The nurse put an IV line into my left wrist and attached a bag of fluid. Firstly a litre of fluid had to go in and I had to start drinking and drinking so my kidneys would not be affected. I was given steroids to take and some anti sickness medication. They gave me a dvd player and some headphones and I watched chick flicks through the whole process. Luckily I had my phone too so I could text Dylan at home.
I have never pee'd so much in my life! It was constant!
Next a bag of anti sickness and steroids went up. so far so good. Then the chemo. I just kept imagining this poison going through my body and wondering how this could be helping me.
The nurse brought me some lunch, which was a sandwich, bag of crisps, fruit and a cup of tea. By now I was reclined on my chair, with my dvd and a blanket. I slept a while (inbetween peeing and drinking). After the chemo had gone through it was time for another bag of fluid.
I began to feel a bit strange. My limbs were very heavy and I had an awful taste in my mouth, all of which were "normal".
When the fluid had finished I was told I could leave and go to my first radiotherapy appointment. I went to the radiotherapy waiting room feeling heavier by the minute and rang Dylan so he could collect me. I was lucky we lived about 10 minutes from the hospital, some people I met had to travel miles everyday for their treatment.
I was called into the room. The room is very large and in the middle is a couch/table. You lie on this with your bottom half exposed save a piece of blue paper towel. The staff then line up the machine with your tattoo dots and also draw all over you too! The machine is called a Linear accelearator and as you lie on the couch it moves around you. In the case of pelvic radiotherapy it began on my left side, moved above me to do my tummy, round to the right and then underneath. The whole process doesn't take long (about 15 to 20 minutes) and there is a flat screen tv showing you images of cute animals and ocean scenes lol.
By now I was absolutely knackered and was glad to get home. By now I felt very sick and very strange. I was restless and had very bad muscle tension. My colour was a healthy grey colour too.

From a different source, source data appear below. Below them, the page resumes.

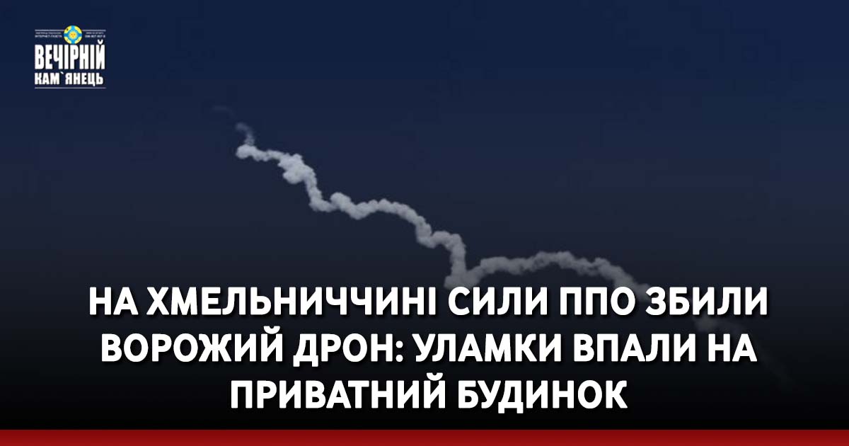 За інформацією посадовця, внаслідок збиття ударного повітряного об’єкту уламки впали на дах приватного будинку на території Хмельницького району. Пожежі немає. Травмованих немає. Всі відповідні служби працюють на місці події.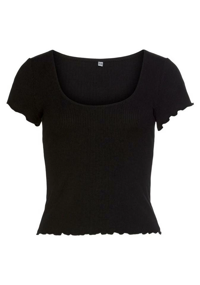 Kurz ist Trumpf! Das Shirt von Bench begeistert mit seiner angesagten Länge und den femininen Details. Der Schnitt wirkt schön sommerlich und ergänzt dabei die figurbetonte Passform. Doch nicht nur deine Körpermitte zeigt mit dem Kurzarmshirt Haut. Auch dein Dekolleté darf sich gerne etwas freizügiger präsentieren. Dafür steht dir der tiefe Rundhalsausschnitt zur Verfügung. Ein bisschen Extravaganz und Raffinesse bringen die Babylocksäume an den Abschlüssen ins Spiel. Freu dich auf ein außergewöhnliches Oberteil, das dir durch seine gelungene Optik und die angenehme Rippware in weicher Qualität einen tollen Look beschert. Mit dem Shirt von Bench machst du alles richtig.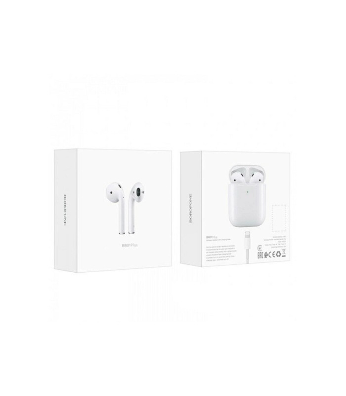 Наушники Bluetooth Borofone BW01 Plus - стильные беспроводные наушники в белом цвете с удобным кейсом для хранения.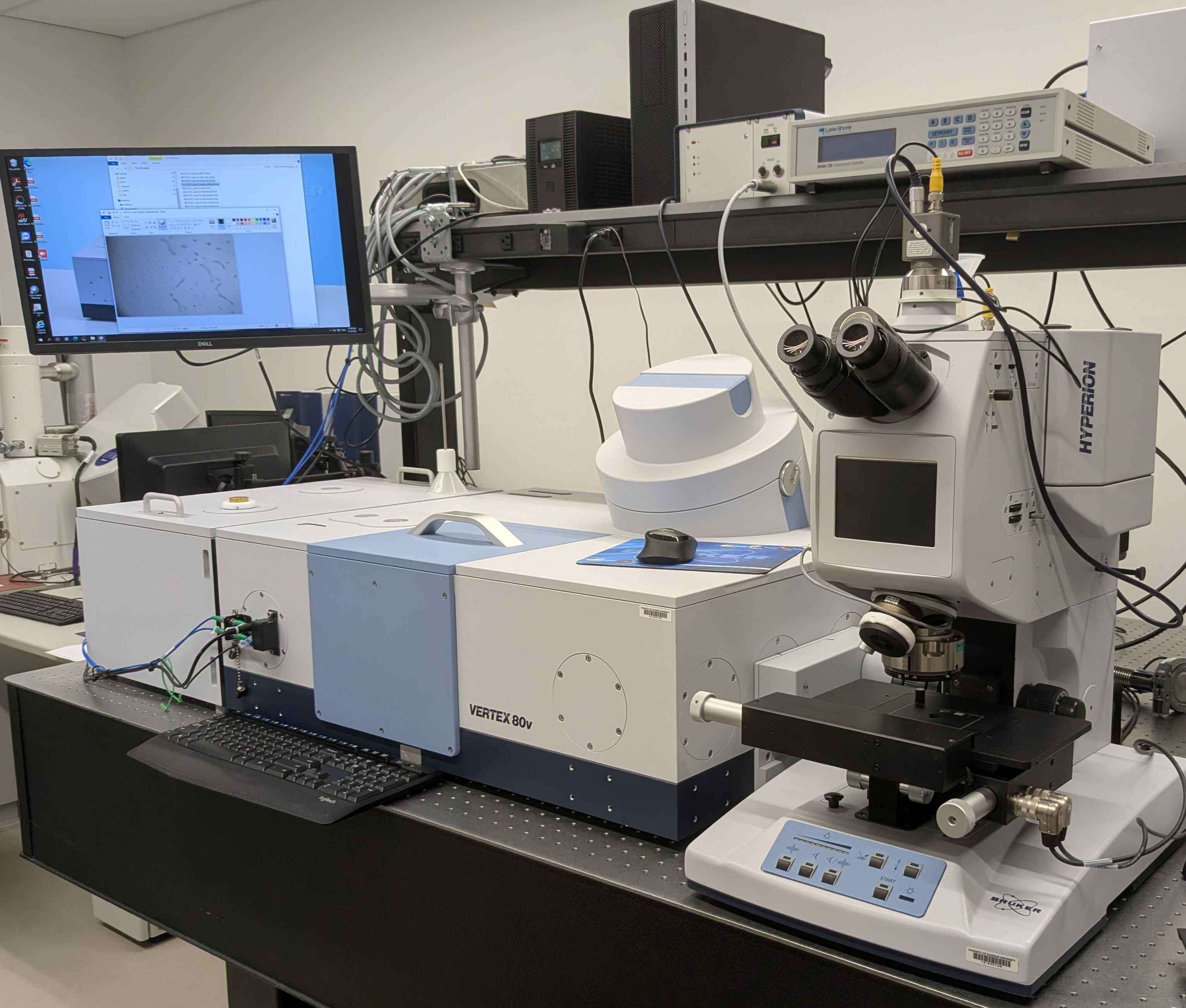 Bruker VERTEX 80v FT-IR spectrometer together with the Bruker HYPERION 2000 microscope,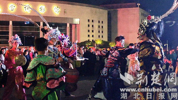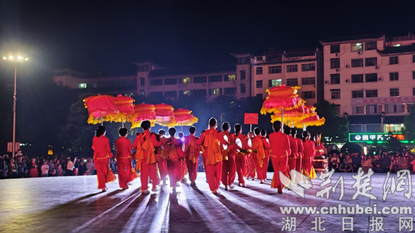 4月21日20時,武當(dāng)文化廣場鑼鼓喧天,熱鬧非凡。國家級非遺潮汕英歌舞,閩臺特色民俗文化舞龍、舞獅、大鼓涼傘、腰鼓表演等節(jié)目一一精彩展示。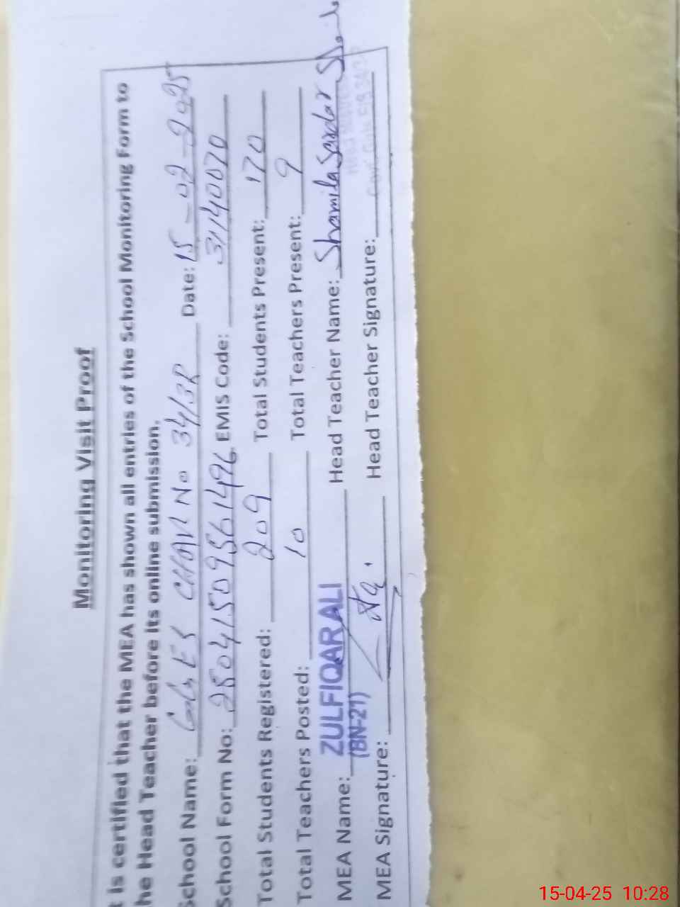 | Attendance Register | Head Teacher | MEA with School | Visit Proof |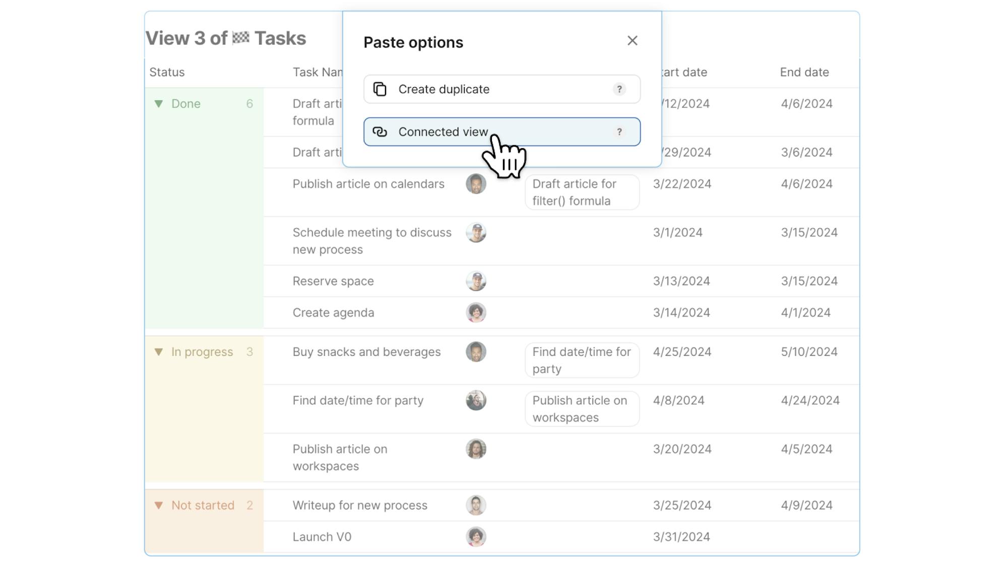 Pasting a table will offer a clear option of creating a connected view or duplicating data, to prevent accidental data overrides.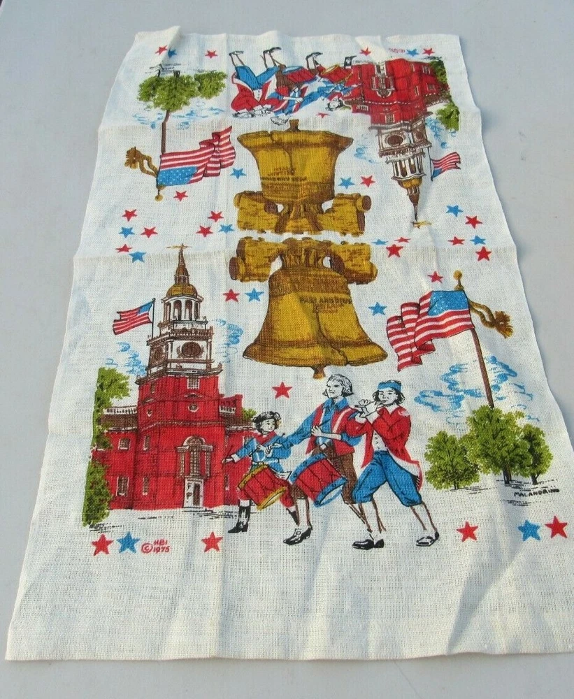 VTG Liberty Bell Linen Towel Patriot Minute Man Drum and Fife American Flag 1975 I believe that this was made to celebrate the Centennial Celebration that would have been in 1976
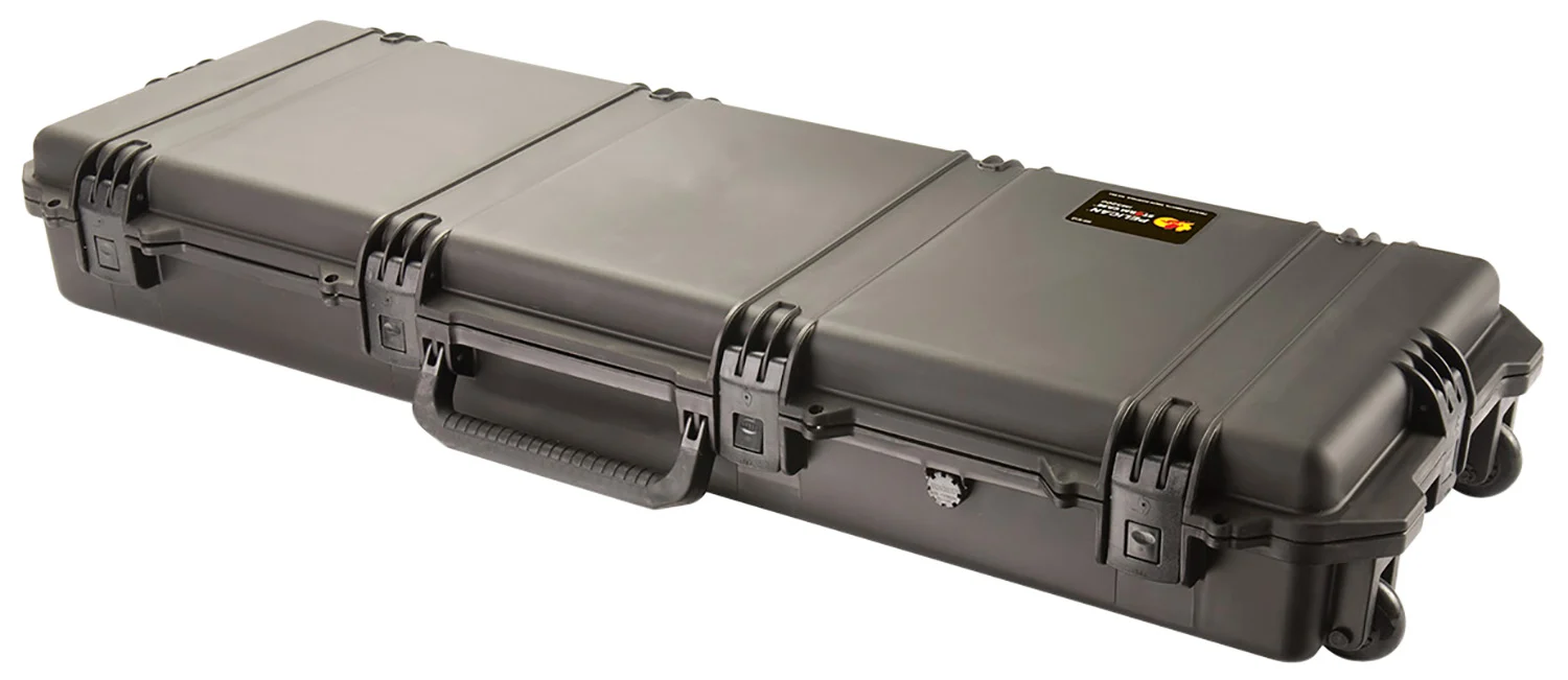 Pelican’s Storm Long Case has a unique Press and Pull latch that locks automatically, but opens with a light touch. Featuring six press and pull latches, two double layered soft grip handle, two padlockable hasps, O-ring seal and a Vortex valve. Made in the USA.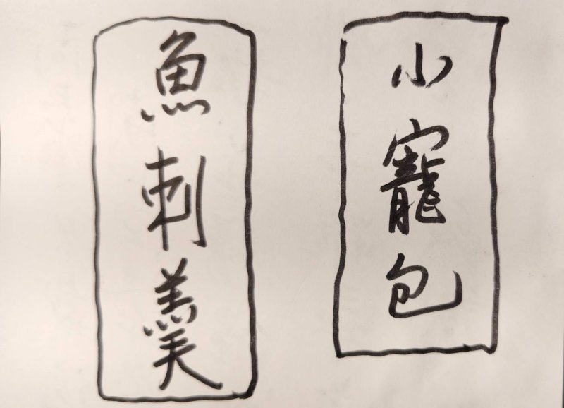 一家小攤販,賣小籠包。他寫「寵」包。問何以如此,他解釋,「蒸籠上面不是鍋蓋嗎?寵,沒有什麼錯啊。」屏東縣一家小店,賣魚翅羹,他們看板是「魚刺羹」,乍看嚇一跳,若是吞食,恐怕要送醫院急診。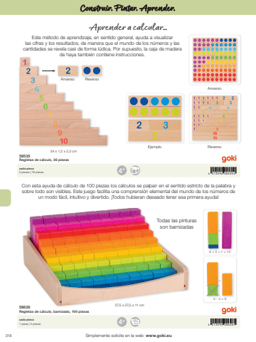 3184 013594 5862694 013594 5853544+4+24 x 1,2 x 2,3 cm27,5 x 27,5 x 11 cm9 - 3 = 6=6 + 3 + 1 = 10=Simplemente solicite en la web: www.goki.euConstruir. Pintar. Aprender.58626Regletas de c%u00e1lculo, barnizado, 100 piezas58535Regletas de c%u00e1lculo, 36 piezascada pieza1 pieza | 3 piezascada pieza0 piezas | 16 piezasAprender a calcular...Este m%u00e9todo de aprendizaje, en sentido general, ayuda a visualizar las cifras y los resultados, de manera que el mundo de los n%u00fameros y las cantidades se revela casi de forma l%u00fadica. Por supuesto, la caja de madera de haya tambi%u00e9n contiene instrucciones.AnversoAnversoEjemplo ReversoReversoCon esta ayuda de c%u00e1lculo de 100 piezas los c%u00e1lculos se palpan en el sentido estricto de la palabra y sobre todo son visibles. Este juego facilita una comprensi%u00f3n elemental del mundo de los n%u00fameros de un modo f%u00e1cil, intuitivo y divertido. %u00a1Todos hubieran deseado tener esa primera ayuda!Todas las pinturas son barnizadas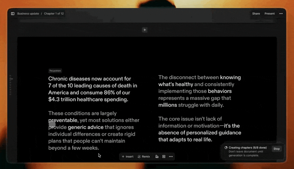 Chronicle combines AI with taste to help you go from raw thoughts to polished presentations. Designed for serious work: Start with templates, create with AI workflows, and collaborate with your team to shape your ideas into impactful narratives.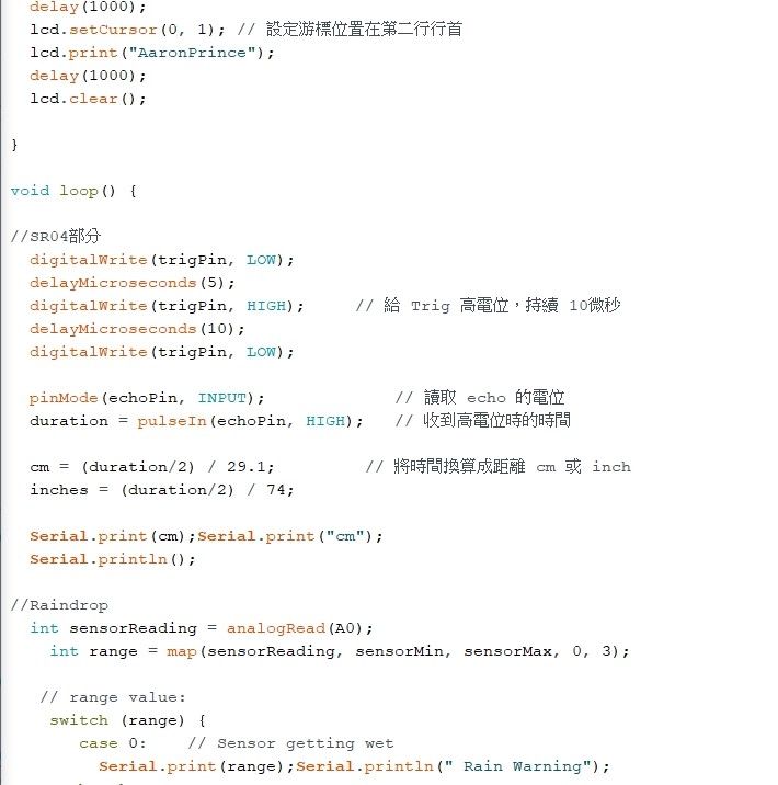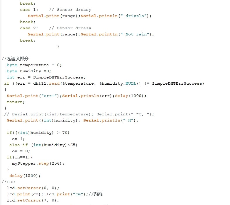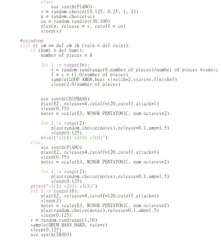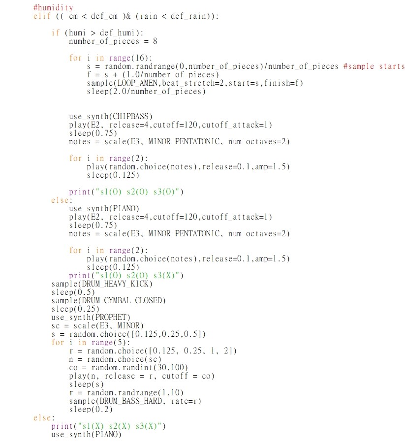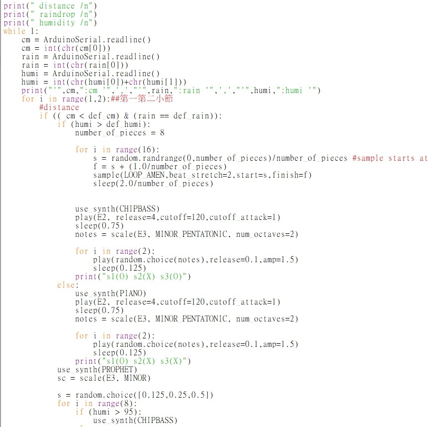 1.cm 2.rain 3.humi分別為控制音樂的元素 假設只有rain達到播放條件 則只有鋼琴聲 假設只有cm達到播放條件 則只會有隨機電音 humi則是會增加一小段音樂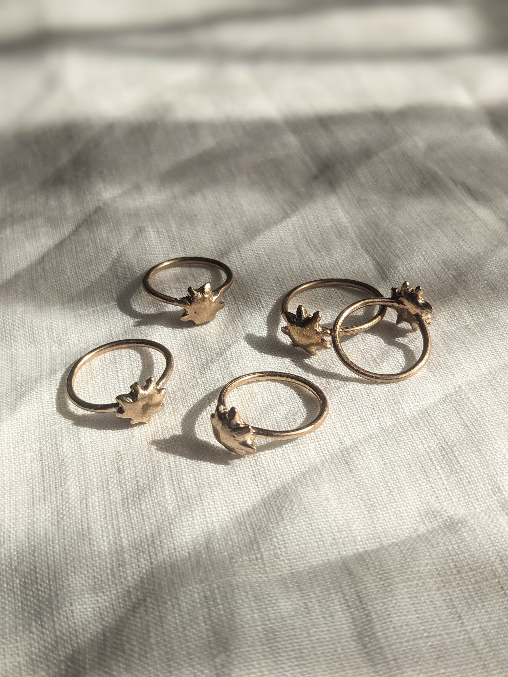 Rings are created from the ancient method of lost wax casting, individually carved from wax, then cast into metal and hand finished.
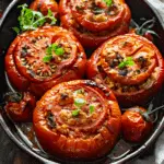 Gemista is a traditional Greek dish featuring tomatoes and peppers stuffed with a fragrant mixture of rice, herbs, and vegetables, then baked until tender. Naturally vegan and gluten-free, it’s a wholesome and flavorful Mediterranean comfort food.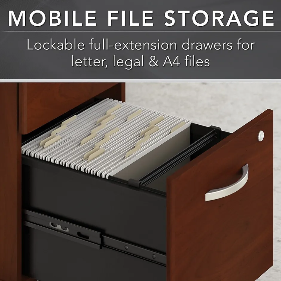 - Mobile file cabinet locks to secure your letter,- legal-, and A4-size paperwork with a file drawer gliding on smooth, full-extension ball bearing slides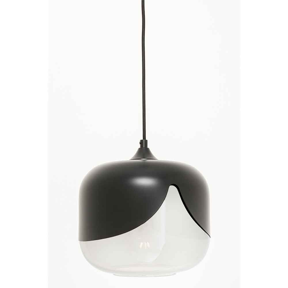 Eine moderne Pendelleuchte mit einer mattschwarzen Oberseite und einer unteren Hälfte aus klarem Glas, aufgehängt an einer schwarzen Schnur.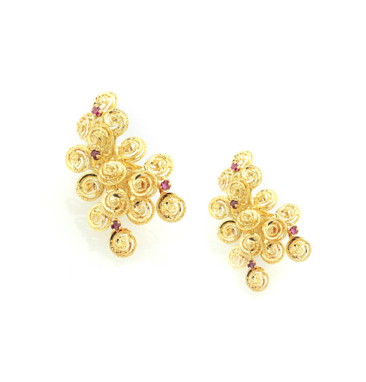 in oro giallo, composti da riccioli disposti a cascata e piccoli rubini taglio brillante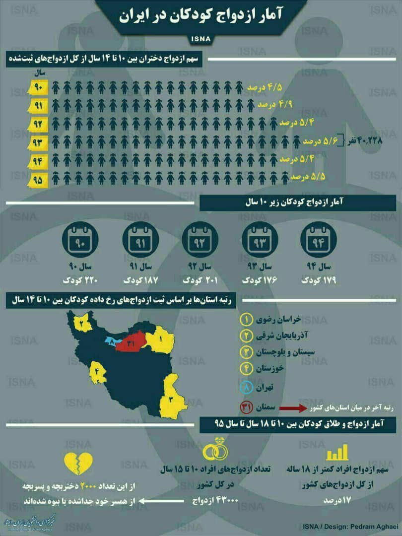 طبق آمار ثبت احوال که در ایسنا منتشر شده بود، ۲۸ دختر کمتر از ۱۰ سال و ۳۱۷ پسر کمتر از ۱۵ سال در سال ۹۶ ازدواج کردهاند. در همین سال بیش از ۵۴ هزار مورد ازدواج دختران بین ۱۰ تا ۱۴ سال و پسران بین ۱۵ تا ۱۹ سال در کشور ثبت شده است. فقط در استان تهران در سال گذشته، ۱۴۸۱ ازدواج زیر ۱۵ سال به ثبت رسیده که ۱۴۶۳ مورد آن ازدواج دختران زیر ۱۵ ساله بود. همچنین طبق آمار تا سال ۹۵ آمار ازدواجهای کمتر از ۱۸ سال در کشور ۱۷ درصد بوده است.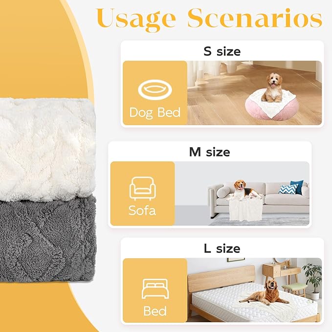 - Soft Fluffy Pet Blanket: Pet blanket material is made of 280 GSM polyester,which is very soft. It is so cozy and comfortable that can help your pets fall asleep fast. Your dog, cat, or other pets will love to snuggle up on this warm and cozy blanket.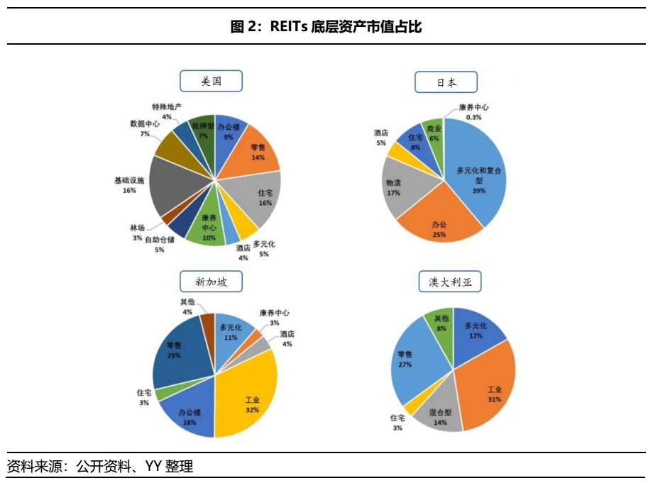 境外成熟的REITs市場,大多始于商業(yè)地產(chǎn),且成為各國REITs的主流業(yè)態(tài)。從下圖可以看出,美國、日本、新加坡和澳大利亞等國家中,住宅、零售、辦公、酒店等商業(yè)地產(chǎn)REITs的市值占比幾近半數(shù)。

The following day I went for my next session of radiotherapy and felt absolutely awful. By the Wednesday I couldn't take anymore. I was sure it was the chemo making me feel so awful so I told my Dr at my mid week checkup that I wasn't having it anymore! He agreed to reduce the amount by a few units. By Sunday I began to feel normal again, ready for the next dose the following day.
The chemo nurses asked me how I was so I told them. The Sister said "Oh that'll be the Metoclopromide (anti sickness drug) making you feel awful, we will get that changed". She got a different drug prescribed and she was right. I still felt terrible, but the restlessness and muscle tension had gone!
The next nasty symptom appeared in the 2nd week. Every Friday night until Sunday morning I had chronic diarrhoea to the point that at some points I couldn't leave the loo it was so bad. We only had one loo too so poor Dylan & Glen had to hang on!

I have never felt so ill. I could not understand how other people having chemo everyday coped. I spent most of my time in bed. I could hardly speak as I felt so sick all the time. I was marking off the days until the end of my treatment and the end couldn't come quick enough.

Eventually after 5 weeks, 15 dvd's, 5 hospital lunches and about 25 toilet rolls it finished.

I NEVER want to go through that again!